The notion of value often stems from scarcity. Ironically, hydrogen, one of the most VALUABLE resources for the clean energy transition, is also the most ABUNDANT element in the universe. This discrepancy is possibly explained by the complexity in obtaining pure hydrogen, which is where the “hydrogen rainbow” concept comes into play.

The “hydrogen rainbow” has become a popular tool in the energy industry to categorize various hydrogen production methods based on their associated carbon emissions. The colors green, blue, turquoise, gray, and brown provide an easy shorthand to distinguish between hydrogen produced from renewable energy, fossil fuels with carbon capture, methane pyrolysis, steam methane reforming, and coal gasification.

However, this color-coding system has likely outlived its usefulness. Instead of clarifying the complexities of hydrogen production, the rainbow oversimplifies the issues, leading to misaligned policies and investments. It may be time to retire the hydrogen rainbow and focus on a more balanced evaluation of hydrogen based on carbon intensity and life-cycle emissions.

The main problem with the hydrogen rainbow is that it implies some colors are inherently “good” and others are “bad.” Green hydrogen, produced from renewable energy, sits at the top of the hierarchy, while gray and brown hydrogen from fossil fuels are thrown to the bottom. This has led to an almost single-minded focus on green hydrogen as the only path forward.

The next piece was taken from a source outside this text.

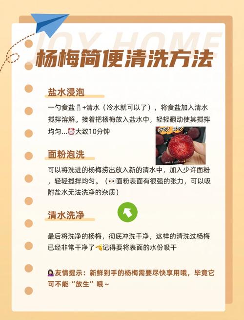 清洗掉杨梅汁较为简便的方法有多种。方法一:利用食盐和清水,在盆中加入适量清水,放入一勺食盐搅拌均匀,将沾有杨梅汁的物品浸泡其中,15 - 20分钟后,轻轻揉搓,杨梅汁会逐渐溶解在水中,再用清水漂洗干净即可。这是因为盐水有一定的清洁和溶解作用。方法二:借助白醋,在污渍处滴上适量白醋,稍等片刻后,用干净的湿布轻轻擦拭。

In reality, the situation is far more complex. Not all green hydrogen is created equal—it matters significantly whether the renewable electricity comes from new wind and solar installations or diverts clean energy from the grid. Blue hydrogen, though still reliant on fossil fuels, can achieve relatively low emissions with a high carbon capture rate. Turquoise hydrogen from methane pyrolysis is a promising option that avoids CO2 emissions altogether.

By focusing on colors rather than carbon, we risk making suboptimal decisions. A more useful approach is to examine the specific carbon intensity (kgCO2/kgH2) of each hydrogen production pathway. This would provide a standard, comparable metric to evaluate different projects based on actual emissions performance rather than a categorical color.

The EU is already moving in this direction with its draft regulations requiring hydrogen to achieve a greenhouse gas emission reduction of 70% compared to a fossil fuel baseline to be considered “renewable.” This technology-neutral, performance-based standard will do more to drive innovation and emissions reductions than simply mandating green hydrogen.

Another issue with the hydrogen rainbow is that it ignores the potential for different production methods to evolve and improve over time. Today’s blue hydrogen with 90% carbon capture could become tomorrow’s “teal (blue-green)” hydrogen with 99% capture. Judging colors based on current technology rather than future potential is short-sighted.

We should also recognize that a diversity of low-carbon hydrogen sources will be needed to achieve deep decarbonization. Green hydrogen will play a major role, but it is unlikely to meet all demand, especially for industrial sectors that require high volumes and reliability. Blue hydrogen with carbon capture, turquoise hydrogen from methane pyrolysis, nuclear-powered pink hydrogen, and other solutions will be part of the mix.

The hydrogen rainbow had an important purpose in kickstarting conversations about hydrogen’s role in the clean energy transition. However, as the industry matures, its relevance may reduce. Sophisticated energy and climate policies will look beyond color to the actual carbon impacts. Venture investors will scrutinize projects based on detailed lifecycle assessments, not broad color categories.